Ele se sente fora do mundo, algo assim como um quadro que sai de seu lugar próprio numa casa e se perde pelos descaminhos do tempo e do espaço, nas andanças do destino. A internete não funciona. Pela televisão o tempo escorre em paisagens – algumas conhecidas – da cidade do Porto. Sotaque português que faz recordar os dias que passou na terra de Camões e Eça, também depois de grave e caudaloso curso de tempo. Memórias. O corpo não muda mais, não é mais possível recuperar um tônus que, amiúde, antes de se perceber a passagem do tempo, enchia de energia cada movimento e, como quê, exigia compensação – não raro da ordem do sexual – para se fazer continuamente em movimento, não necessariamente lascivo.
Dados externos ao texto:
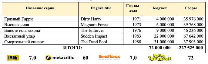 Фильм сделал большие кассовые сборы, которые выглядят внушительно даже в наши времена. Соответственно, тему эксплуатировали по полной и сняли ещё несколько сиквелов. Интересно, что на момент снятия последнего фильма франшизы Клинту Иствуду было уже под шестьдесят лет!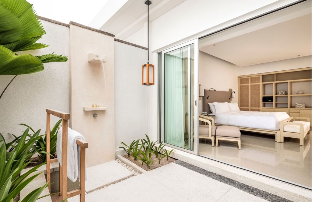 The Garden Patio Rooms at COMO Uma Canggu offer a peaceful sanctuary with contemporary interiors, a private patio surrounded by vibrant greenery, direct garden access, and seamless indoor-outdoor living—perfect for relaxation just moments from the beach.
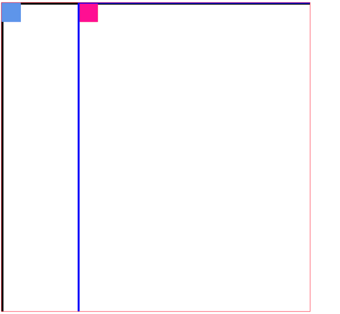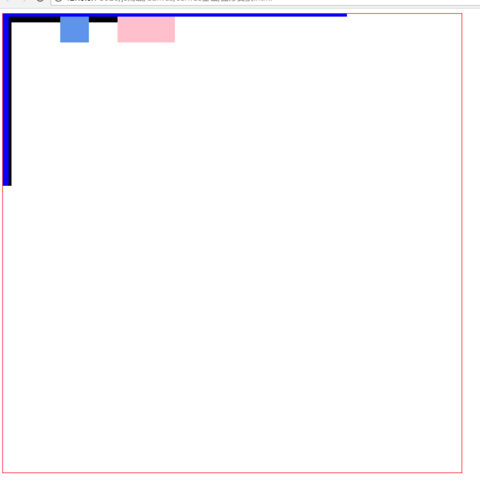 <!DOCTYPE html> <html> <head> <meta charset="UTF-8"> <title></title> <style type="text/css"> canvas{ border:1px solid red; } </style> </head> <body> <canvas id="mycanvas" width="800" height="800"></canvas> </body> <script type="text/javascript"> var canvas = document.getElementById("mycanvas"); var context = canvas.getContext("2d"); //用黑色直线线表示开始的x/y轴 context.beginPath(); context.moveTo(0,0); context.lineWidth = 5; context.lineTo(800,0); context.stroke(); context.beginPath(); context.moveTo(0,0); context.lineWidth = 5; context.lineTo(0,800); context.stroke(); //原矩形:蓝色 context.beginPath(); context.fillStyle = "cornflowerblue"; context.fillRect(0,0,50,50); context.fill(); //平移矩形:粉色 context.beginPath(); context.translate(200,0) //正:往右、下 context.fillStyle = "deeppink"; context.fillRect(0,0,50,50); context.fill(); //用蓝色直线表示平移以后的坐标轴 context.beginPath(); context.moveTo(0,0); context.lineWidth = 5; context.lineTo(400,0); context.stroke(); context.beginPath(); context.moveTo(0,0); context.lineWidth = 5; context.lineTo(0,400); context.stroke(); </script> </html>

Mas movimento que, junto à língua, faz pensar na possibilidade do amor entre falantes de línguas absoluta e radicalmente afastadas fonética, ortográfica, sintática e semanticamente. O corpo se deforma: não mais a moldura nodosa de carne, qual serpente de corda grossa a envolver a ossatura que não perde seu tônus. Não mais a mesma flexibilidade lépida e ágil dos verdes anos, que dourados passaram, numa vitalidade que agora é memória conservada na sabedoria dos movimentos contidos e mais sensatos que a “saúde” – fruição, alegria/felicidade, qual vinho rubro envelhecido em tonéis de carvalho: mais “encorpado” – demanda. Na velocidade do pensamento, respirando com o ritmo do coração, a memória faz enxergar palavras que questionam valores que, antes, mais que lemas, eram obrigações éticas. Andre Gide diz: O primeiro dever dos discípulos é jogar fora a lição dos mestres”. O tempo passa, as lições se aprendem. O tempo passa…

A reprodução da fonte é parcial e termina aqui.